WHAT IS REQUIRED: Nothing but the lines from the start of the data through the line with "Winserver(ウィンサ" should appear in the answer, each retyped exactly, and pictures should not.

AVAILABLE DATA:
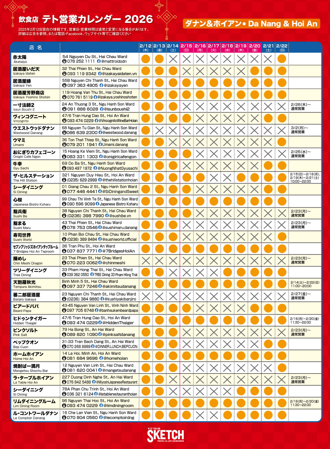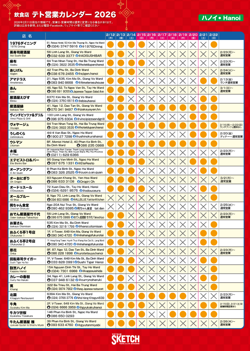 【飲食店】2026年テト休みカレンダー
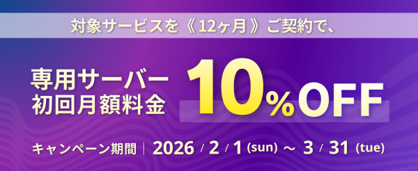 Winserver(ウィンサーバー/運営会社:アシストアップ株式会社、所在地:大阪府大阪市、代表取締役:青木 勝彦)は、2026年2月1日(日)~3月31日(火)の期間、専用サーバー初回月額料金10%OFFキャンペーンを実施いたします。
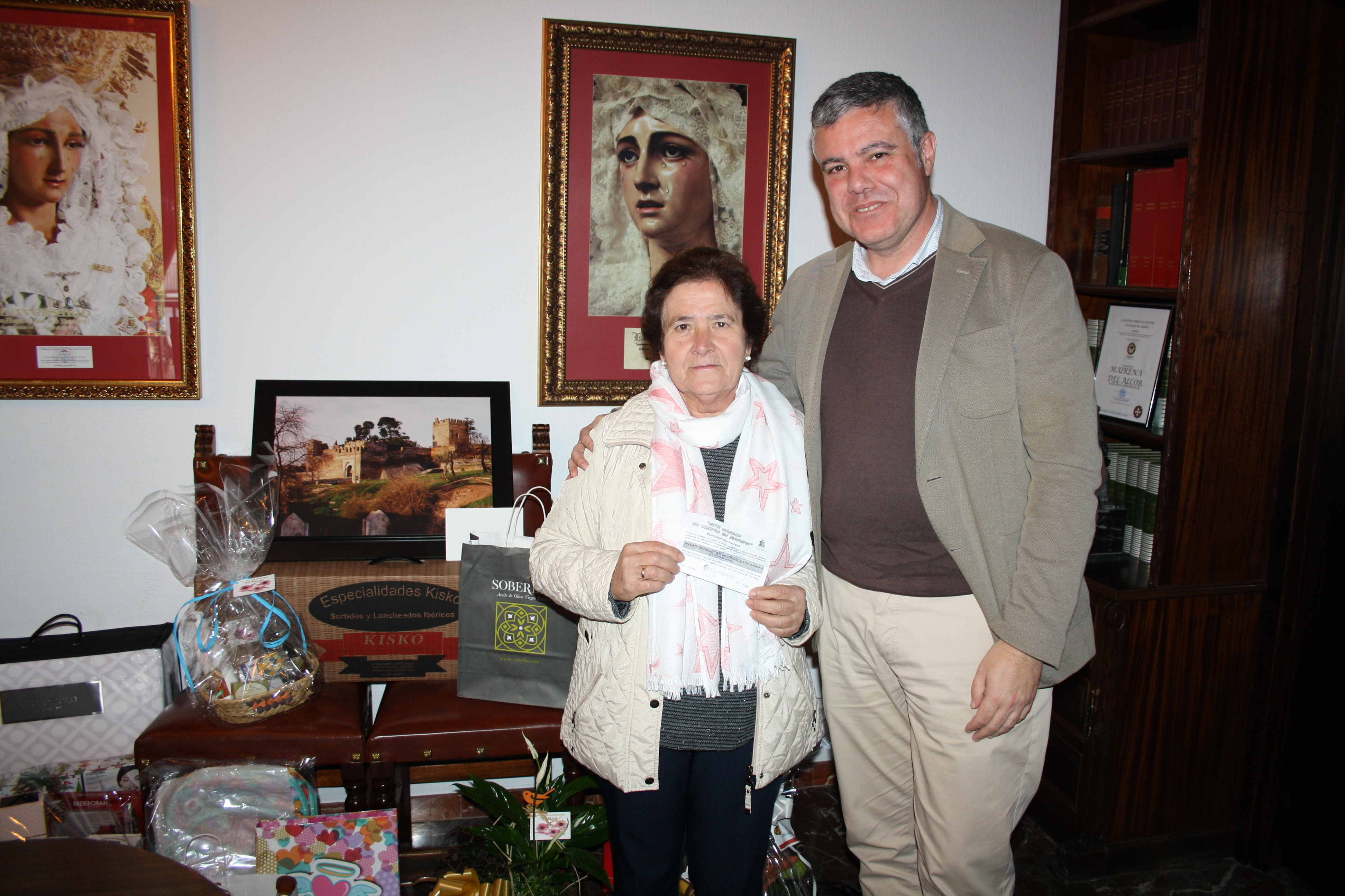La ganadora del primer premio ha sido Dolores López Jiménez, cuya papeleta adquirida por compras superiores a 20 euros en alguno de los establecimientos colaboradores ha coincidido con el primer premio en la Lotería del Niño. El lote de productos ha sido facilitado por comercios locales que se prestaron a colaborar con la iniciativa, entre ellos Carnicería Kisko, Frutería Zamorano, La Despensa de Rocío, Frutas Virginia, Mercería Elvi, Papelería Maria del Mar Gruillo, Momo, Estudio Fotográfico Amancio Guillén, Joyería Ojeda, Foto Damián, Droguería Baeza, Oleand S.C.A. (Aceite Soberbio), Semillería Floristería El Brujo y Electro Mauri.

TASK ANSWER:
 【飲食店】2026年テト休みカレンダー
 Winserver(ウィンサーバー/運営会社:アシストアップ株式会社、所在地:大阪府大阪市、代表取締役:青木 勝彦)は、2026年2月1日(日)~3月31日(火)の期間、専用サーバー初回月額料金10%OFFキャンペーンを実施いたします。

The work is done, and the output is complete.